Prakruthi Manjunatha,Vibha Chaithanya Rangappa,Abhishek Varati,C. K. Narayanappa
标识
DOI:10.1109/i4c57141.2022.10057685
摘要
Sleep plays a vital role in an individual's life, it enables proper cognitive and behavioral functions. An insufficient amount of sleep can lead to serious repercussions. Sleep disorders adversely affect a person's lifestyle and poses added risk of disorders such as diabetes, high blood pressure, heart disease and stroke, mood disorders, weight gain and obesity. Manual sleep staging and analysis is burdensome and time consuming, hence automatic sleep staging is required. Sleep is classified into various stages (Awake, N1, N2, N3 and REM).
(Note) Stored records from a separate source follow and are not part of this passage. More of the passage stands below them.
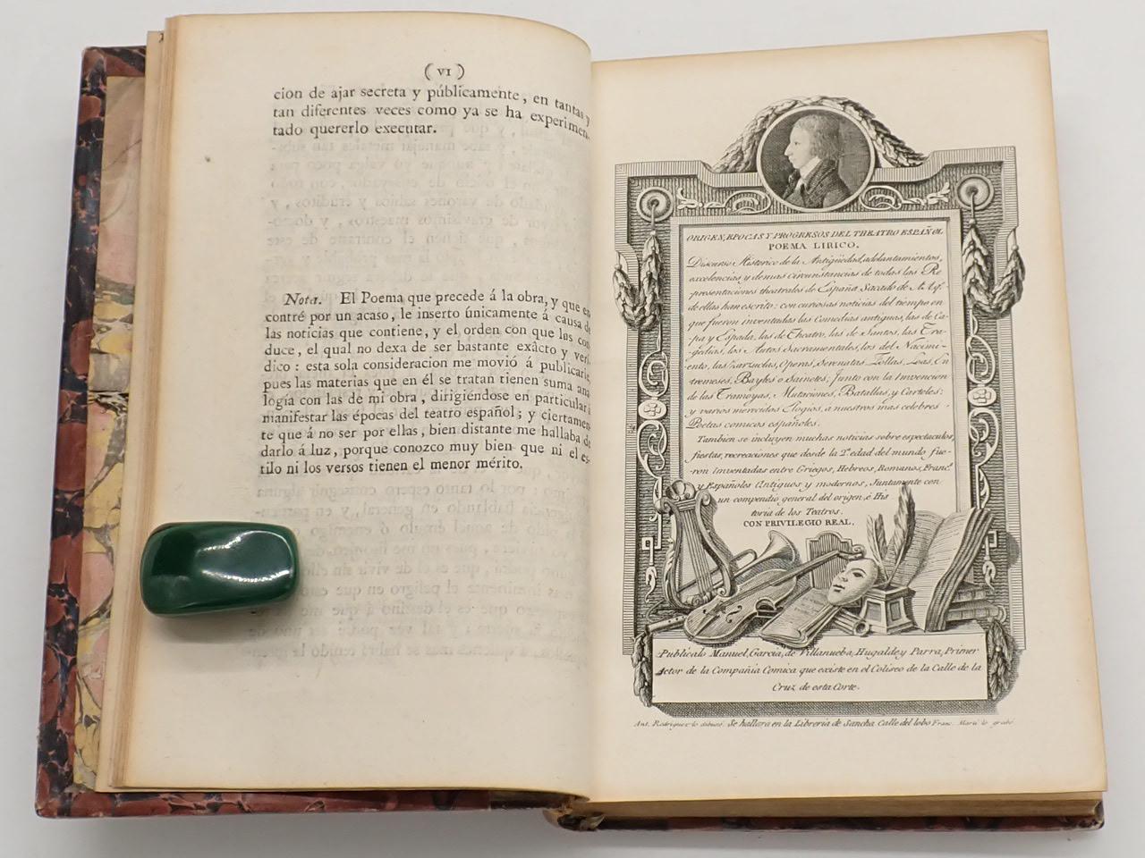 Portada con bella orla neoclásica, obra de Francisco de Paula Martí. Tras el prólogo, se incluye una segunda portada, también grabada por Martí a partir de dibujo de Antonio Rodríguez; tras ella, un grabado alegórico realizado por Bartolomé Vázquez a partir de un dibujo de José Maea. FALTO DE LA LÁMINA QUE REPRESENTA EL TEATRO DE SAN CARLOS EN LISBOA.
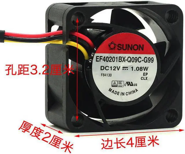 Model: EF40201BX-Q09C-G99Size: 40*40*20mmVoltage: 12VCurrent: 1.08WInterface: motherboard 3P interfaceLine length: 18 cm
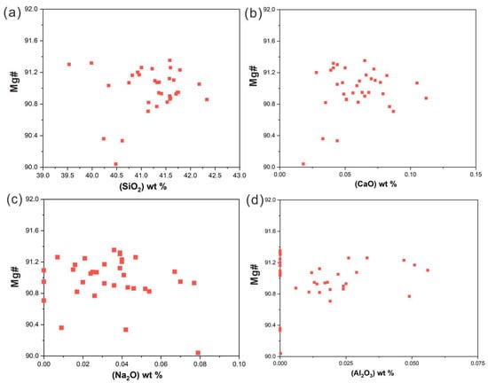 Plot of Mg# vs. SiO2, CaO, Na2O, and Al2O3 for assays of the olivine samples. (a) Mg# vs. SiO2 of olivine samples from mantle xenoliths. (b) Mg# vs. CaO of olivine from mantle xenoliths. (c) Mg# vs. Na2O of olivine from mantle xenoliths. (d) Mg# vs. Al2O3 of olivine from mantle xenoliths.
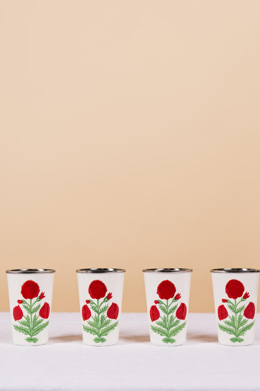 Red Poppy Tall Enamelware Tumbler Set of 4
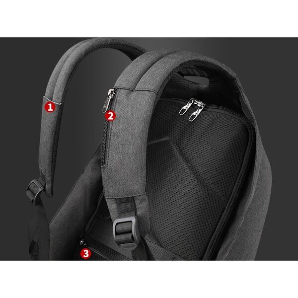 Рюкзак Tigernu отличается большой вместительностью. Полностью открывающаяся крышка предоставляет доступ ко всем вещам. На внутренней части передней панели находятся: мини-отсек для Power Bank, два кармана для ноутбука с диагональю экрана 15,6 дюймов и планшета. Они фиксируются эластичной крепежной лентой. Задняя внутренняя часть рюкзака оснащена небольшим карманом для гаджетов и аксессуаров, отделением на замке для размещения ценных вещей. Лямки T-B3615B имеют карман на молнии для банковских карт и отверстие для фиксации очков. В задней спинке предусмотрен потайной карман для мобильного телефона. Из других особенностей: наличие бокового потайного кармана на молнии, который превращается в сетчатую сумку для зонта, USB-разъема для зарядки и порта для наушников.
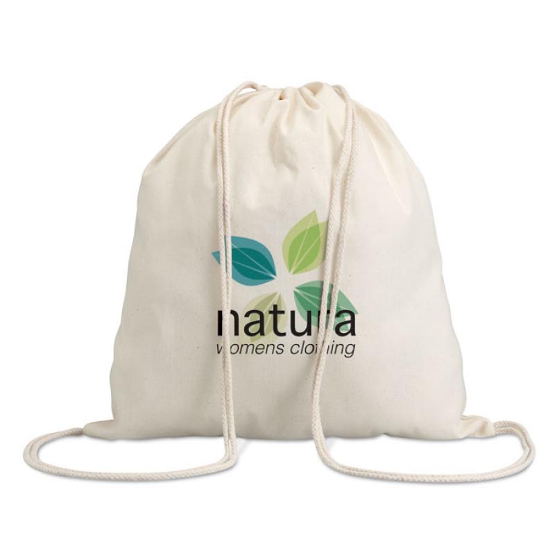 Mochila de 100% algodón. 100 g/m2. Producido bajo certificado estándar para controlar el uso de sustancias nocivas en textil.
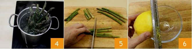 Cook them leaving the tips exposed 4 which will cook with steam (if you don't have an asparagus steamer, you can boil the asparagus horizontally in a wide pot). Once cooked, drain them and let them cool slightly then cut off the hardest part of the stem leaving the tips just a bit longer than the short side of the meat slices 5. Grate the zest of 1 lemon 6,
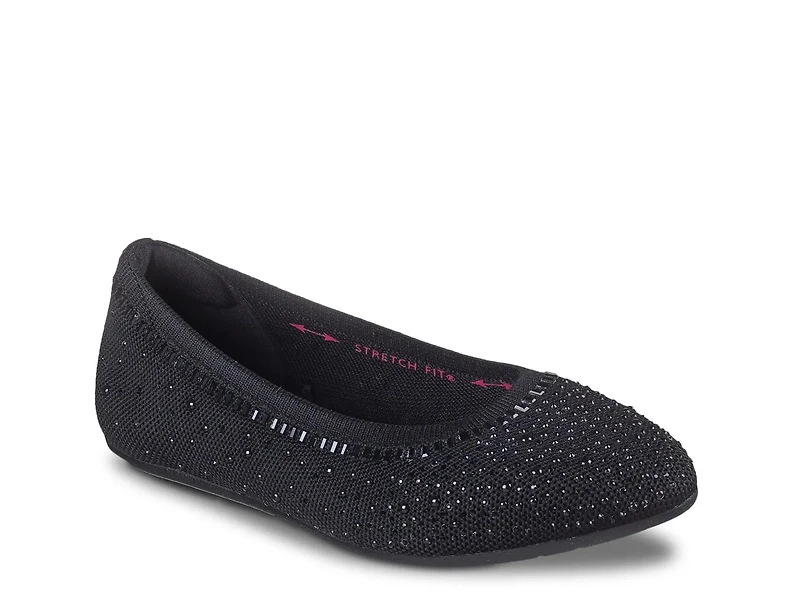 Embrace everyday elegance with the Cleo 2.0 Mesmerizing Nights ballet flat from Skechers. Made with 100% vegan materials, this stylish skimmer features an embellished knit upper crafted from at least 20% recycled content to promote sustainability. The Skechers Air-Cooled Memory Foam insole and the flexible traction sole ensure superior comfort all through the day.

The aim of this paper is to survey the progress and challenges in various existing Electroencephalogram (EEG) signal-based methods used for sleep staging in an attempt to find the research gaps and possibly introduce a reasonable solution. Thus, in this paper, a novel and efficient technique to identify sleep stages using Convolutional Neural Network(CNN), CNN + LSTM (Long Short Term Memory) methods applied to 30s epochs of single-channel Fpz-Cz channels. In this study, the PhysioNet sleep cassette study data is used in European Data Format (EDF) Database was used. The proposed methodology achieves accuracy:84.19%, MF1:76.76% respectively.